## WORK ORDER
The answer must restate every record word for word.

## Recorded data
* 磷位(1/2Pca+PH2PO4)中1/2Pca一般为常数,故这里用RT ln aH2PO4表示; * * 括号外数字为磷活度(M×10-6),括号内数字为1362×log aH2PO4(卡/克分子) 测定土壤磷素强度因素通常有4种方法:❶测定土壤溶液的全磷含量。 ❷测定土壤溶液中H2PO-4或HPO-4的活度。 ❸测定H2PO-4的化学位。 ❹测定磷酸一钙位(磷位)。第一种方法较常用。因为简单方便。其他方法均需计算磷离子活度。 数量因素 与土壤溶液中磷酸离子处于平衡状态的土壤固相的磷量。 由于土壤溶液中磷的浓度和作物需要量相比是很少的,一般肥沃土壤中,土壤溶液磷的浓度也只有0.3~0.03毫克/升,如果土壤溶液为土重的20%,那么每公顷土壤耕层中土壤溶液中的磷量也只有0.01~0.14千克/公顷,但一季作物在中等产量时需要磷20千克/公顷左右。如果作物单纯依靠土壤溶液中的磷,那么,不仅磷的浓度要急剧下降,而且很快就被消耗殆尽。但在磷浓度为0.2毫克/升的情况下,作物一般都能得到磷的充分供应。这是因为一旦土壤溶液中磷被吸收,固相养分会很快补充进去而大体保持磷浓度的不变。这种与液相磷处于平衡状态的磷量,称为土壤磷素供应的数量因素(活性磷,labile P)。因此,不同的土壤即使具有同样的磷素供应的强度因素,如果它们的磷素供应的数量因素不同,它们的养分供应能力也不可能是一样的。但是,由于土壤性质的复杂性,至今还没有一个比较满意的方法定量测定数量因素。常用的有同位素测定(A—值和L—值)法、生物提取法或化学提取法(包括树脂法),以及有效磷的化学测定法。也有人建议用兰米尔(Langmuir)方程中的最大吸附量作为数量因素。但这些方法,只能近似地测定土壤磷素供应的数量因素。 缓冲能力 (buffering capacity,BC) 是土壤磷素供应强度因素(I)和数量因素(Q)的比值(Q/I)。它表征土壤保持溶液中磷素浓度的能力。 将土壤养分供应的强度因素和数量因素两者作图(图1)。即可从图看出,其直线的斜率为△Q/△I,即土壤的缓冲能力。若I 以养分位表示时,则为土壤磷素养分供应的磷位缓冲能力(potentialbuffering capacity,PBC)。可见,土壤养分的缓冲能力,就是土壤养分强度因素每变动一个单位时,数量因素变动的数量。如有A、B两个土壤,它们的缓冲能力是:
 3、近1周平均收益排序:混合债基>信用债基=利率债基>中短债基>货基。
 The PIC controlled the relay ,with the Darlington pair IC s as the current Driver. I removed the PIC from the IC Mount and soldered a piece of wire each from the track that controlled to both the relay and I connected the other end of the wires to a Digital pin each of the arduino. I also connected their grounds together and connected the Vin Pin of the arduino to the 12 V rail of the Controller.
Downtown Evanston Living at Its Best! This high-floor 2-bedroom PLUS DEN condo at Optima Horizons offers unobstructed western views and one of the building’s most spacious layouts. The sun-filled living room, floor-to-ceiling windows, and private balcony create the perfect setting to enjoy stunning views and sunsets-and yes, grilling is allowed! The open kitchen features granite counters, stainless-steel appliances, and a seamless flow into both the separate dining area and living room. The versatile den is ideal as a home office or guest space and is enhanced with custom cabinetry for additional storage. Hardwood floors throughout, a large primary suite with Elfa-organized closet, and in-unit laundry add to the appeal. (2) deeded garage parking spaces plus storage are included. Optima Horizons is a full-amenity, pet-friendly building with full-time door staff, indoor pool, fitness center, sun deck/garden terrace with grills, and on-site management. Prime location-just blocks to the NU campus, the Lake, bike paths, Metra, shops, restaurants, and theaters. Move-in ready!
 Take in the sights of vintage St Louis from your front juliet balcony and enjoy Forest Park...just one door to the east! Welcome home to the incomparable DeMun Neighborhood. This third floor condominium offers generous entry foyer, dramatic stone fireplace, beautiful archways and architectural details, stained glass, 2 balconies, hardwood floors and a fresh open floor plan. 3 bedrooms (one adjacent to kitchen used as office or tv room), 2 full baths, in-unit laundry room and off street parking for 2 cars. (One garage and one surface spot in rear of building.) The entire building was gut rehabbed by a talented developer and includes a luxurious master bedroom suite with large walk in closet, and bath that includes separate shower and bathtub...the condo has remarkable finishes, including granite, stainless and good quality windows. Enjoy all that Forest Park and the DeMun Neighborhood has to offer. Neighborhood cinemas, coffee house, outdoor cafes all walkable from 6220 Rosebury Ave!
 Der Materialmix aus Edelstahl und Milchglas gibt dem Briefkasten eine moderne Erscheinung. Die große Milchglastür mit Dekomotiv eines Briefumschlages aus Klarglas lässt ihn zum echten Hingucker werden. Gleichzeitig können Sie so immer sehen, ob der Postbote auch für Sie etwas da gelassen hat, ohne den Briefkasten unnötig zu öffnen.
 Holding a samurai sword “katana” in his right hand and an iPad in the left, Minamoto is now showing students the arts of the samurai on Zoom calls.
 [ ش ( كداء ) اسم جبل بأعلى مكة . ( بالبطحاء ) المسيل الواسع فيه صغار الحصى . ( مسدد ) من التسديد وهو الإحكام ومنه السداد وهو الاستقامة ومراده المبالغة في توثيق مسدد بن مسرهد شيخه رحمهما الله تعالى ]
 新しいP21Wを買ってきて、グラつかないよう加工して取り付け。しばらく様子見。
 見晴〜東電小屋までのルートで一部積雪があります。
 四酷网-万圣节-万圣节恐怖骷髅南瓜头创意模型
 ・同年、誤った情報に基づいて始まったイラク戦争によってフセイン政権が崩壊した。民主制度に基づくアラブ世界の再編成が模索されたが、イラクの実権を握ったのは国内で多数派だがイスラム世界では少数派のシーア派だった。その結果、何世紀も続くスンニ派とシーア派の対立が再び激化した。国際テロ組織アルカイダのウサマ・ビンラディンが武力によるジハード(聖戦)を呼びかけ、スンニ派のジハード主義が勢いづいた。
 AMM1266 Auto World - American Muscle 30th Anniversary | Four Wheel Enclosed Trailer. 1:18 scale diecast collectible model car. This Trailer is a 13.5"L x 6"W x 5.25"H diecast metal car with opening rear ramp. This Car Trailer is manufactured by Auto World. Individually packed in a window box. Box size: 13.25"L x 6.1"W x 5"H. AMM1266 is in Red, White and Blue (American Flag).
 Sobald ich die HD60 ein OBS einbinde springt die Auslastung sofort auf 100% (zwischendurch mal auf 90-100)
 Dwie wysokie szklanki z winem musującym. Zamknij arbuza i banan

## FINISHED TASK
* 磷位(1/2Pca+PH2PO4)中1/2Pca一般为常数,故这里用RT ln aH2PO4表示; * * 括号外数字为磷活度(M×10-6),括号内数字为1362×log aH2PO4(卡/克分子) 测定土壤磷素强度因素通常有4种方法:❶测定土壤溶液的全磷含量。 ❷测定土壤溶液中H2PO-4或HPO-4的活度。 ❸测定H2PO-4的化学位。 ❹测定磷酸一钙位(磷位)。第一种方法较常用。因为简单方便。其他方法均需计算磷离子活度。 数量因素 与土壤溶液中磷酸离子处于平衡状态的土壤固相的磷量。 由于土壤溶液中磷的浓度和作物需要量相比是很少的,一般肥沃土壤中,土壤溶液磷的浓度也只有0.3~0.03毫克/升,如果土壤溶液为土重的20%,那么每公顷土壤耕层中土壤溶液中的磷量也只有0.01~0.14千克/公顷,但一季作物在中等产量时需要磷20千克/公顷左右。如果作物单纯依靠土壤溶液中的磷,那么,不仅磷的浓度要急剧下降,而且很快就被消耗殆尽。但在磷浓度为0.2毫克/升的情况下,作物一般都能得到磷的充分供应。这是因为一旦土壤溶液中磷被吸收,固相养分会很快补充进去而大体保持磷浓度的不变。这种与液相磷处于平衡状态的磷量,称为土壤磷素供应的数量因素(活性磷,labile P)。因此,不同的土壤即使具有同样的磷素供应的强度因素,如果它们的磷素供应的数量因素不同,它们的养分供应能力也不可能是一样的。但是,由于土壤性质的复杂性,至今还没有一个比较满意的方法定量测定数量因素。常用的有同位素测定(A—值和L—值)法、生物提取法或化学提取法(包括树脂法),以及有效磷的化学测定法。也有人建议用兰米尔(Langmuir)方程中的最大吸附量作为数量因素。但这些方法,只能近似地测定土壤磷素供应的数量因素。 缓冲能力 (buffering capacity,BC) 是土壤磷素供应强度因素(I)和数量因素(Q)的比值(Q/I)。它表征土壤保持溶液中磷素浓度的能力。 将土壤养分供应的强度因素和数量因素两者作图(图1)。即可从图看出,其直线的斜率为△Q/△I,即土壤的缓冲能力。若I 以养分位表示时,则为土壤磷素养分供应的磷位缓冲能力(potentialbuffering capacity,PBC)。可见,土壤养分的缓冲能力,就是土壤养分强度因素每变动一个单位时,数量因素变动的数量。如有A、B两个土壤,它们的缓冲能力是:
 3、近1周平均收益排序:混合债基>信用债基=利率债基>中短债基>货基。
 The PIC controlled the relay ,with the Darlington pair IC s as the current Driver. I removed the PIC from the IC Mount and soldered a piece of wire each from the track that controlled to both the relay and I connected the other end of the wires to a Digital pin each of the arduino. I also connected their grounds together and connected the Vin Pin of the arduino to the 12 V rail of the Controller.
Downtown Evanston Living at Its Best! This high-floor 2-bedroom PLUS DEN condo at Optima Horizons offers unobstructed western views and one of the building’s most spacious layouts. The sun-filled living room, floor-to-ceiling windows, and private balcony create the perfect setting to enjoy stunning views and sunsets-and yes, grilling is allowed! The open kitchen features granite counters, stainless-steel appliances, and a seamless flow into both the separate dining area and living room. The versatile den is ideal as a home office or guest space and is enhanced with custom cabinetry for additional storage. Hardwood floors throughout, a large primary suite with Elfa-organized closet, and in-unit laundry add to the appeal. (2) deeded garage parking spaces plus storage are included. Optima Horizons is a full-amenity, pet-friendly building with full-time door staff, indoor pool, fitness center, sun deck/garden terrace with grills, and on-site management. Prime location-just blocks to the NU campus, the Lake, bike paths, Metra, shops, restaurants, and theaters. Move-in ready!
 Take in the sights of vintage St Louis from your front juliet balcony and enjoy Forest Park...just one door to the east! Welcome home to the incomparable DeMun Neighborhood. This third floor condominium offers generous entry foyer, dramatic stone fireplace, beautiful archways and architectural details, stained glass, 2 balconies, hardwood floors and a fresh open floor plan. 3 bedrooms (one adjacent to kitchen used as office or tv room), 2 full baths, in-unit laundry room and off street parking for 2 cars. (One garage and one surface spot in rear of building.) The entire building was gut rehabbed by a talented developer and includes a luxurious master bedroom suite with large walk in closet, and bath that includes separate shower and bathtub...the condo has remarkable finishes, including granite, stainless and good quality windows. Enjoy all that Forest Park and the DeMun Neighborhood has to offer. Neighborhood cinemas, coffee house, outdoor cafes all walkable from 6220 Rosebury Ave!
 Der Materialmix aus Edelstahl und Milchglas gibt dem Briefkasten eine moderne Erscheinung. Die große Milchglastür mit Dekomotiv eines Briefumschlages aus Klarglas lässt ihn zum echten Hingucker werden. Gleichzeitig können Sie so immer sehen, ob der Postbote auch für Sie etwas da gelassen hat, ohne den Briefkasten unnötig zu öffnen.
 Holding a samurai sword “katana” in his right hand and an iPad in the left, Minamoto is now showing students the arts of the samurai on Zoom calls.
 [ ش ( كداء ) اسم جبل بأعلى مكة . ( بالبطحاء ) المسيل الواسع فيه صغار الحصى . ( مسدد ) من التسديد وهو الإحكام ومنه السداد وهو الاستقامة ومراده المبالغة في توثيق مسدد بن مسرهد شيخه رحمهما الله تعالى ]
 新しいP21Wを買ってきて、グラつかないよう加工して取り付け。しばらく様子見。
 見晴〜東電小屋までのルートで一部積雪があります。
 四酷网-万圣节-万圣节恐怖骷髅南瓜头创意模型
 ・同年、誤った情報に基づいて始まったイラク戦争によってフセイン政権が崩壊した。民主制度に基づくアラブ世界の再編成が模索されたが、イラクの実権を握ったのは国内で多数派だがイスラム世界では少数派のシーア派だった。その結果、何世紀も続くスンニ派とシーア派の対立が再び激化した。国際テロ組織アルカイダのウサマ・ビンラディンが武力によるジハード(聖戦)を呼びかけ、スンニ派のジハード主義が勢いづいた。
 AMM1266 Auto World - American Muscle 30th Anniversary | Four Wheel Enclosed Trailer. 1:18 scale diecast collectible model car. This Trailer is a 13.5"L x 6"W x 5.25"H diecast metal car with opening rear ramp. This Car Trailer is manufactured by Auto World. Individually packed in a window box. Box size: 13.25"L x 6.1"W x 5"H. AMM1266 is in Red, White and Blue (American Flag).
 Sobald ich die HD60 ein OBS einbinde springt die Auslastung sofort auf 100% (zwischendurch mal auf 90-100)
 Dwie wysokie szklanki z winem musującym. Zamknij arbuza i banan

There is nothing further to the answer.